**Required work**
Print out the entries from the line containing "The mark consists" through the last line, exactly, and print nothing else. Pictures are not copied.

**Materials provided**
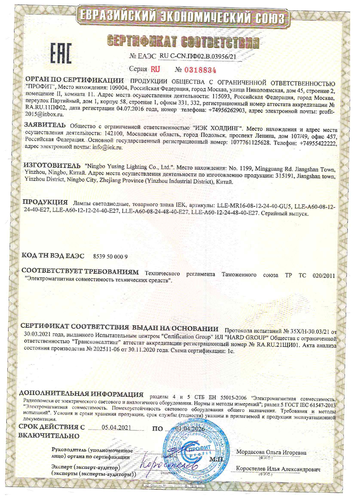 Соответствует требованиям Технических регламентов Таможенного союза ТР ТС 020/2011, ТР ТС 037/2016, МЭК 62560, Постановления Правительства РФ от 10.11.2017 № 1356.
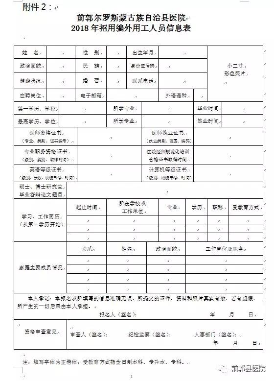 2. 《前郭縣醫(yī)院招用編外用工人員報名信息表》
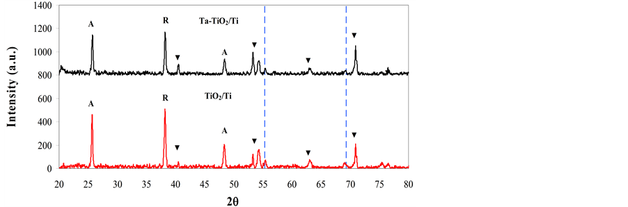The XRD pattern of nanotube TiO2/Ti, obtained through electrosynthesis route, is depicted in Figure 4. From comparison with the Ta-TiO2/Ti substrate pattern (black trace), no difference can be noted and all features typical of the titanium metal and TiO2 are observed. Particularly, a few peaks, ascribable to titanium oxide material anatase and rutilo can be recognized [62] [63] . The results indicate that Ta doping does not introduce changes in the TiO2 structure.
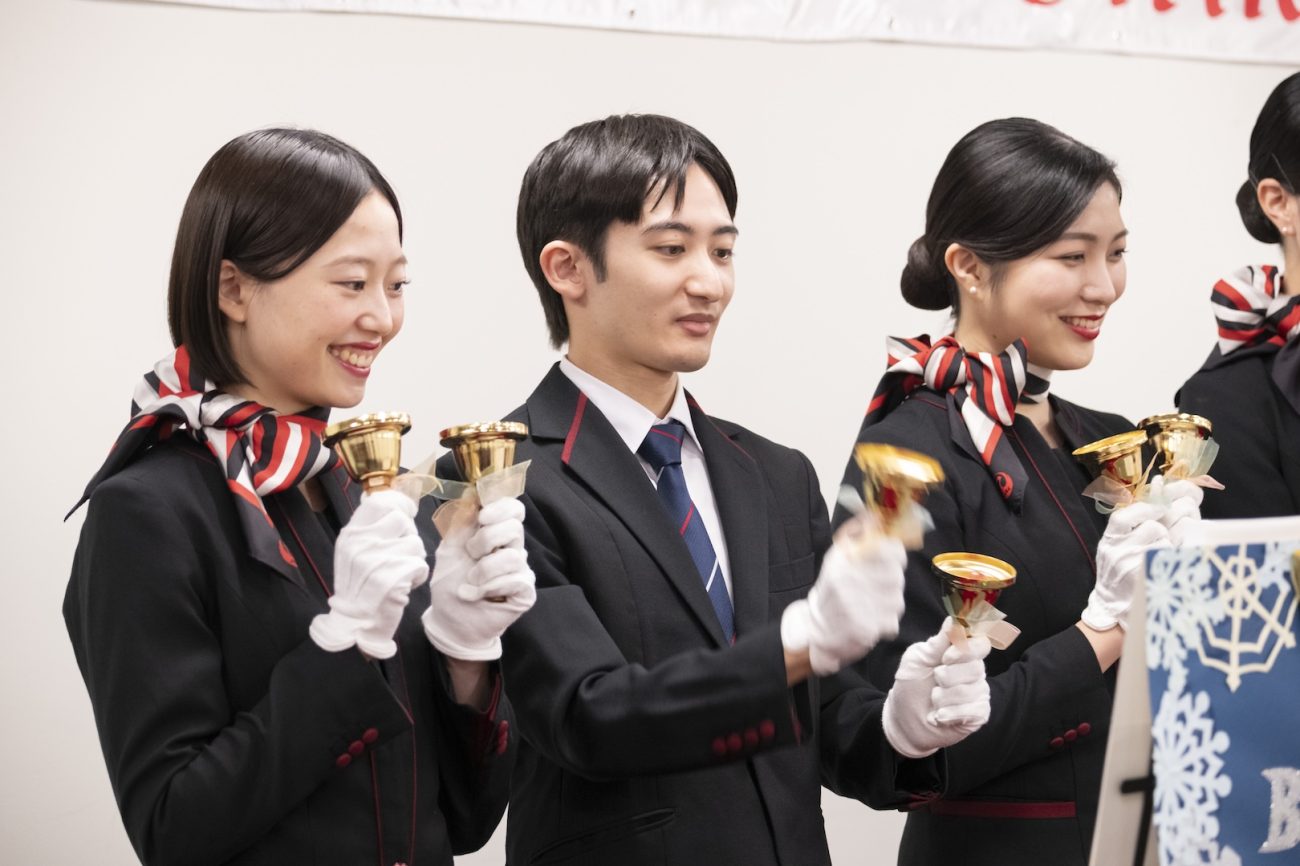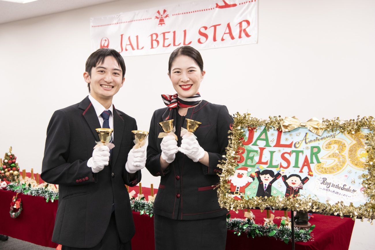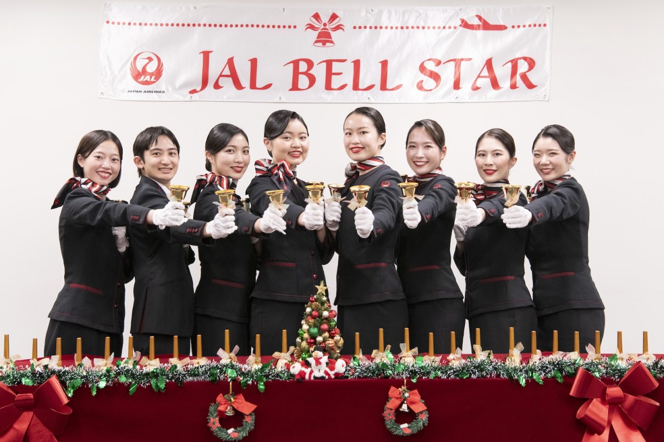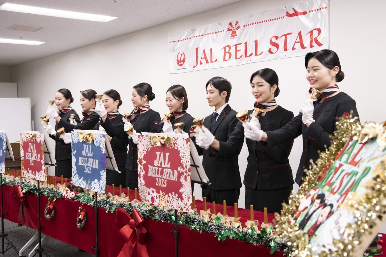 毎年クリスマスの時期に、JAL客室乗務員によるミュージックベルチーム「JALベルスター」が結成され、全国各地で美しい音色を届けている。2025年は結成30周年を迎え、史上初めて男性客室乗務員がメンバーに加わった。
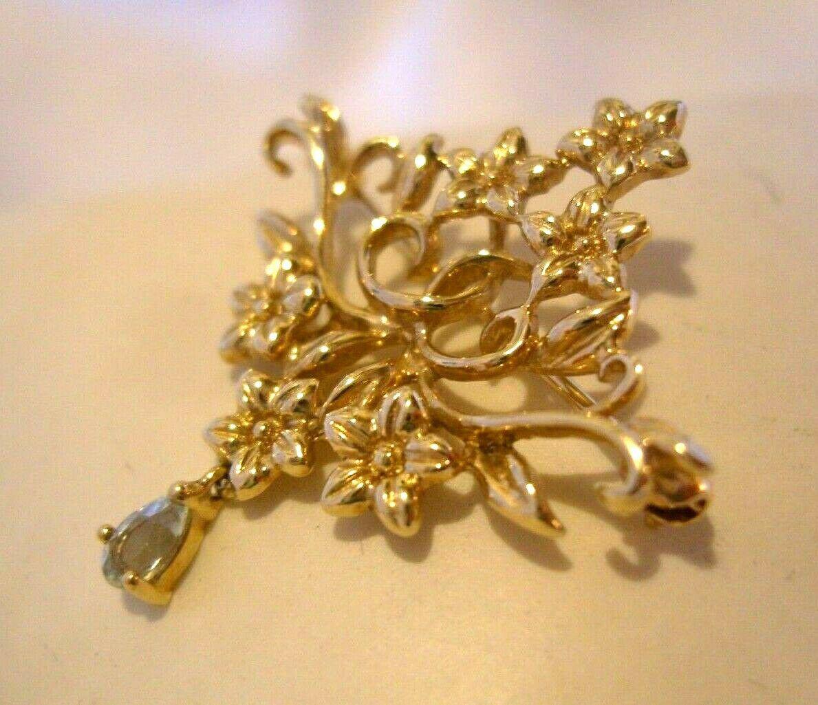 Vintage 9ct Gold Brooch 1978 Hallmarked Solid Yellow Gold & Aquamarine Stone Brooch
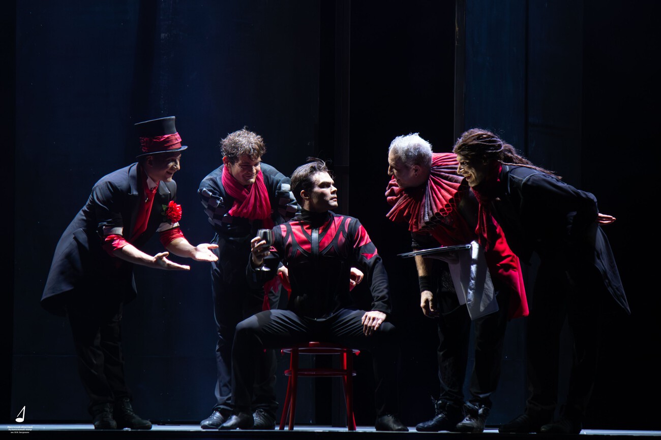 Помимо основных героев, которых играют артисты балета, в спектакле появляются так называемые трикстеры – актеры шекспировского театра. Их исполняют в разных составах вокалисты театра.
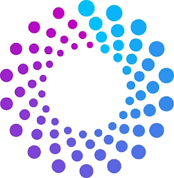 The mark consists of a circle formed by shaded circles in a swirling pattern with in the inner row being the smallest and then going to the largest sized circles in the outer rows and the circles being in blue at the top right, then dark blue on right side, then purple at the bottom, then violet in the bottom left side, then magenta in the top left corner.
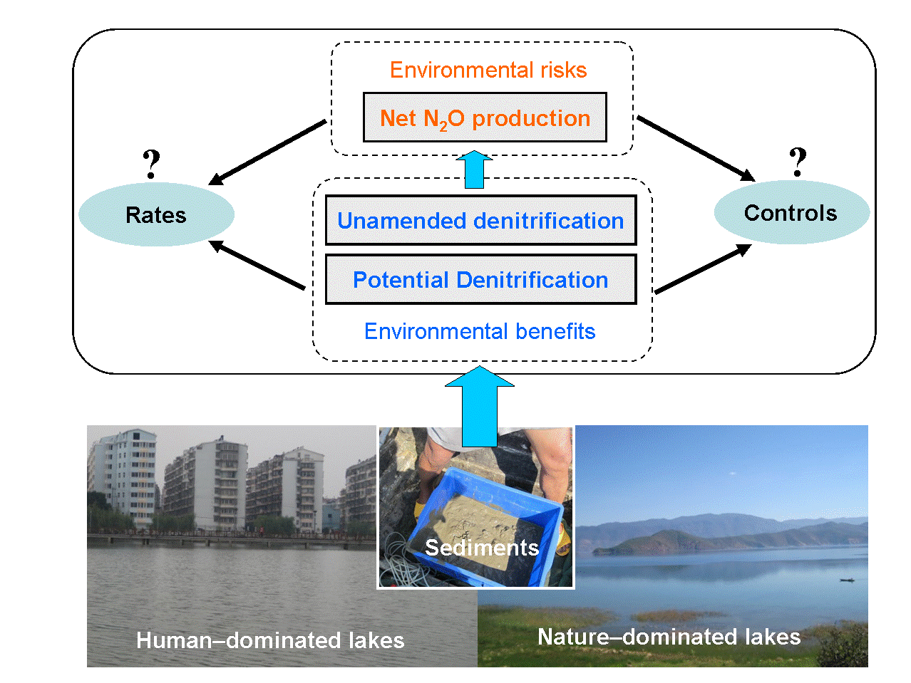 中科院武汉植物园湿地生态学科组的刘文治、王志秀和刘贵华等以我国西南地区的20个高原湖泊为对象,采用乙炔抑制‒气相色谱法测定了湖泊底泥的潜在反硝化、背景反硝化以及净N2O产量等参数。根据Seitzinger等人建立的模型,预测每年输入高原湖泊的氮中,36.43–81.40%可以通过反硝化途径去除。底泥反硝化作用与水化学、底泥理化性质以及流域土地利用都有显著相关性。在人类活动干扰严重的湖泊(比如滇池),反硝化主要受底泥理化性质特别是氮含量的影响,而在人类活动干扰较少的湖泊(比如泸沽湖),反硝化则主要由水体中的氮含量决定。
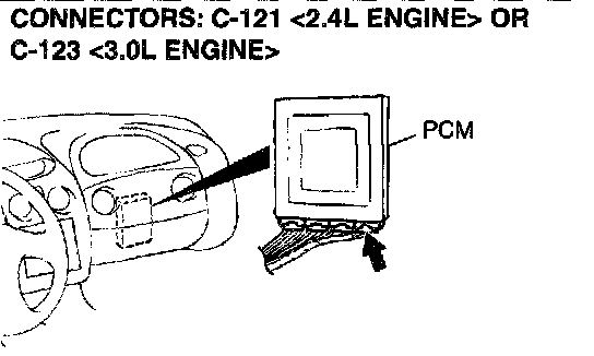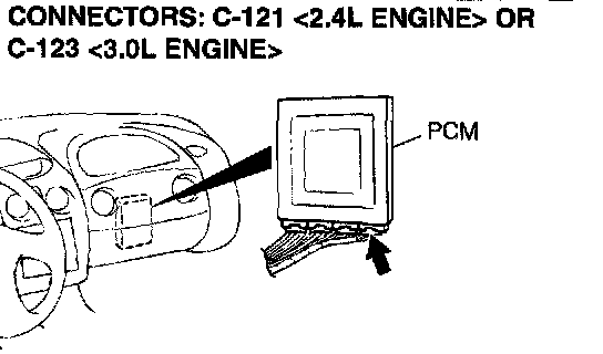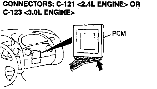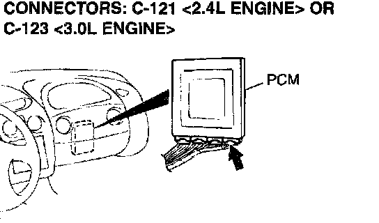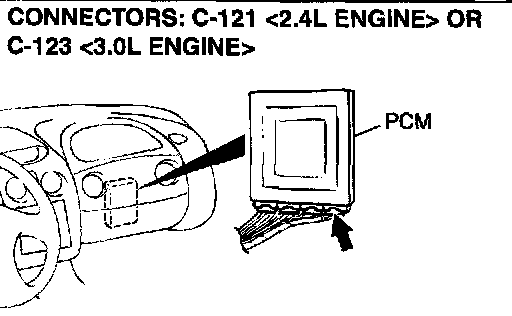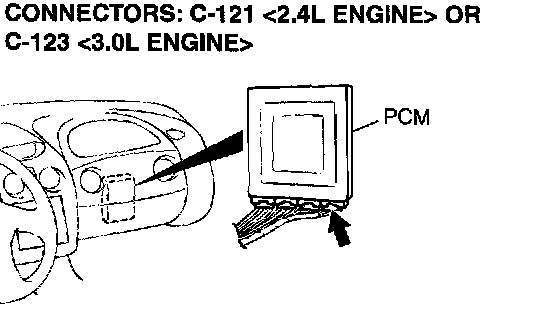 1) Do not disconnect connector C-121 <2.4L Engine> or C 123 <3.0L Engine>.
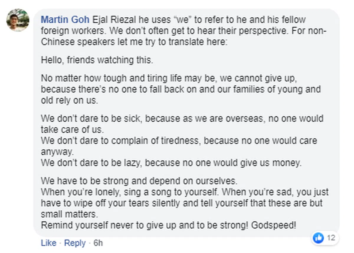 有网民觉得很少从外劳口中听到他们的“心酸”,决定把老哥的话翻译成英文版(而且还译得相当传神到位),让更多人能关注并体谅到这些外籍劳工的不易。

**Solution to the exercise**
 The mark consists of a circle formed by shaded circles in a swirling pattern with in the inner row being the smallest and then going to the largest sized circles in the outer rows and the circles being in blue at the top right, then dark blue on right side, then purple at the bottom, then violet in the bottom left side, then magenta in the top left corner.
 中科院武汉植物园湿地生态学科组的刘文治、王志秀和刘贵华等以我国西南地区的20个高原湖泊为对象,采用乙炔抑制‒气相色谱法测定了湖泊底泥的潜在反硝化、背景反硝化以及净N2O产量等参数。根据Seitzinger等人建立的模型,预测每年输入高原湖泊的氮中,36.43–81.40%可以通过反硝化途径去除。底泥反硝化作用与水化学、底泥理化性质以及流域土地利用都有显著相关性。在人类活动干扰严重的湖泊(比如滇池),反硝化主要受底泥理化性质特别是氮含量的影响,而在人类活动干扰较少的湖泊(比如泸沽湖),反硝化则主要由水体中的氮含量决定。
 1) Do not disconnect connector C-121 <2.4L Engine> or C 123 <3.0L Engine>.
 有网民觉得很少从外劳口中听到他们的“心酸”,决定把老哥的话翻译成英文版(而且还译得相当传神到位),让更多人能关注并体谅到这些外籍劳工的不易。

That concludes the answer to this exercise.